Après trois ans de crise, une partie de la société grecque refuse donc d’admettre qu’elle ne doit sa situation qu’à elle-même. Personne n’a imposé aux Grecs l’un des Etats les plus corrompus de la planète. Personne ne les a forcés à des dépenses militaires délirantes, à exonérer d’impôts clergé et armateurs, à laisser la majorité de la population frauder le fisc, à mentir pour se qualifier pour l’euro, à s’endetter jusqu’à plus soif, à laisser dériver les salaires, à ne pas profiter des bas taux d’intérêt de leur dette pour investir dans leur économie, etc., etc. On peut certes reprocher aux Européens d’avoir fermé les yeux sur ces dérives connues de tous. Mais les Grecs ne sont pas des grands enfants.
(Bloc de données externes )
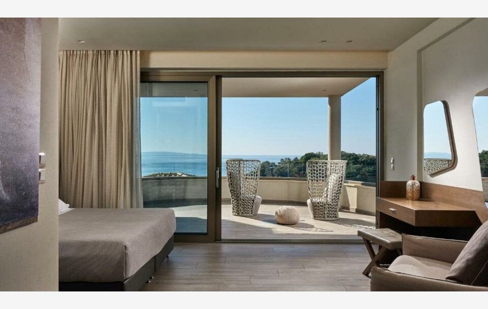 Luxury Veranda Suite Sea View - 40 m², s odvojenom spavaćom sobom s bračnim krevetom i dnevnim boravkom s kaučima na razvlačenje, koji se proteže na veliku nameštenu verandu s prekrasnim pogledom na more.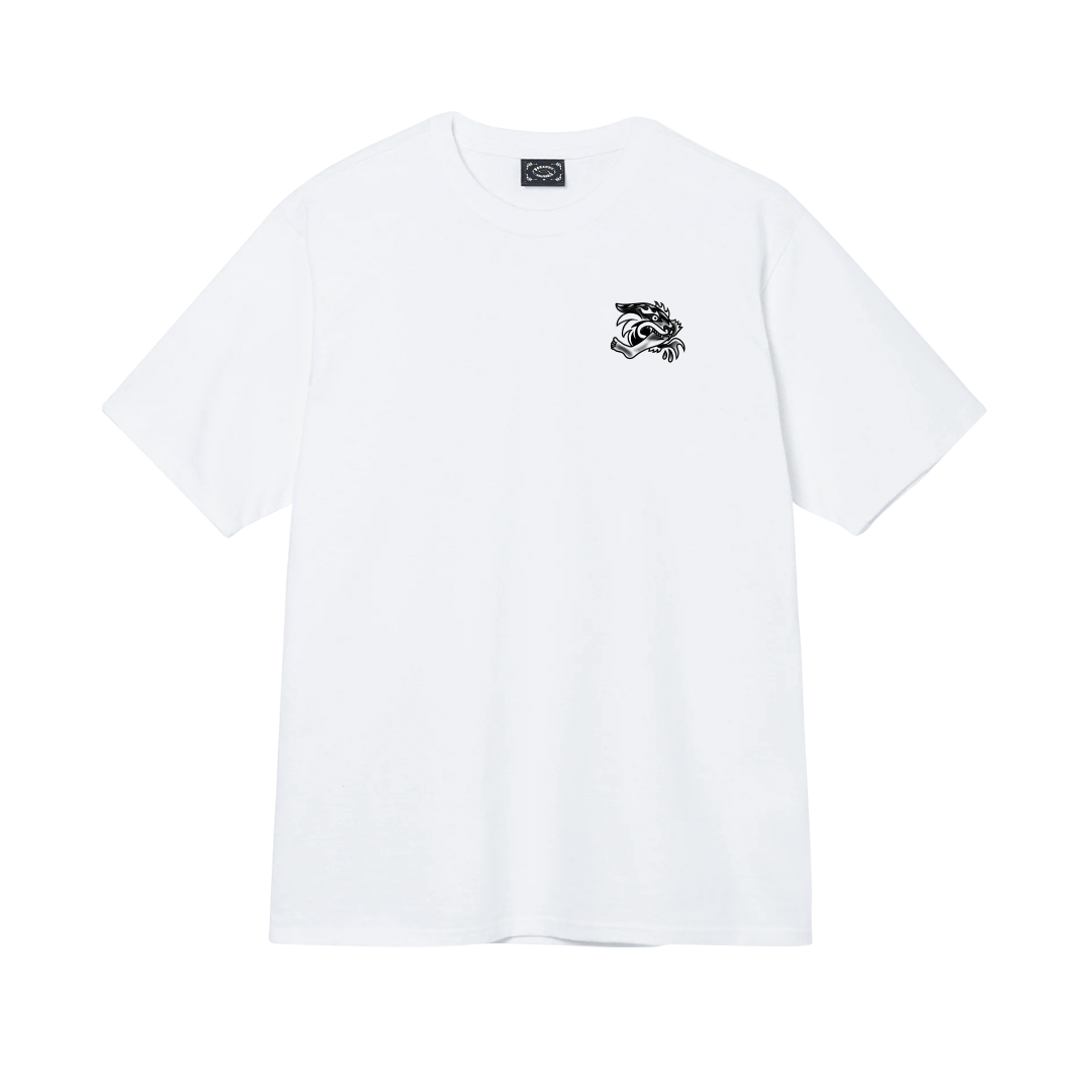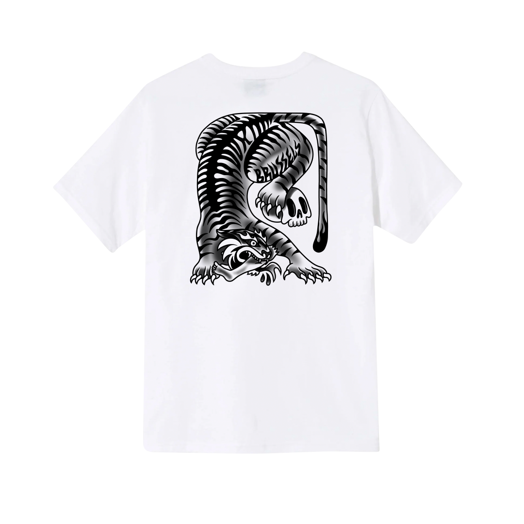 White cotton tee-shirt featuring a large black screen-printed tiger artwork on the back and a smaller matching print over the heart.

Aujourd’hui que les marchés ont brûlé ce qu’ils ont aimé, les Grecs doivent payer l’addition. C’est désagréable, nul ne le conteste. Pas plus que personne ne conteste que la potion administrée ne l’est pas forcément avec douceur, mais la zone euro n’a pas l’expérience de ce genre de situation et a sans doute fait des erreurs en exigeant trop d’un pays sans Etat. Tout comme l’Allemagne, qui a rechigné à aider la Grèce au début de la crise, a sans doute concouru à son aggravation.

Une poignée de crétins

Mais la zone euro et l’Allemagne ont finalement répondu présents : 240 milliards d’euros d’aide (sous forme de prêts) qui ont permis à la Grèce d’honorer ses échéances, auxquels se rajoutent plus de 50 milliards d’obligations grecques rachetées par la Banque centrale européenne, la plus grande restructuration de dettes de toute l’histoire moderne, 15 milliards d’euros d’aide financière sur deux ans, une assistance technique (européenne et bilatérale dont allemande) sans précédent pour aider à la construction d’un Etat moderne, etc.
L’alternative ? Il n’y en pas de moins douloureuse. Les Grecs, dans leur très grande majorité, ne veulent d’ailleurs pas quitter la zone euro, car ils savent qu’une faillite pure et simple serait infiniment plus douloureuse que le traitement qu’ils subissent.
En se rendant à Athènes, dans un geste spectaculaire, la chancelière reconnaît les efforts accomplis par le gouvernement Samaras et vient affirmer qu’elle ne souhaite pas (plus ?) la sortie de la Grèce de la zone euro, alors que son opinion publique y reste favorable. Alors, brandir des drapeaux nazis est non seulement indigne, mais imbécile et ne peut qu’envenimer la situation : les Allemands, dont la démocratie est l’une des plus exemplaires du monde, ne vont guère goûter d’être ainsi ramenés une nouvelle fois au nazisme par un pays qui n'est pas un exemple de démocratie.
On peut se rassurer en pensant qu’il n’y a finalement eu que 25 000 manifestants et une poignée de crétins brandissant des drapeaux nazis (dans un pays qui a envoyé un groupuscule néonazi au Parlement, ce qui est savoureux). A tout le moins, cela devrait encourager la Grèce à se doter d’une législation punissant ce type d’appel à la haine.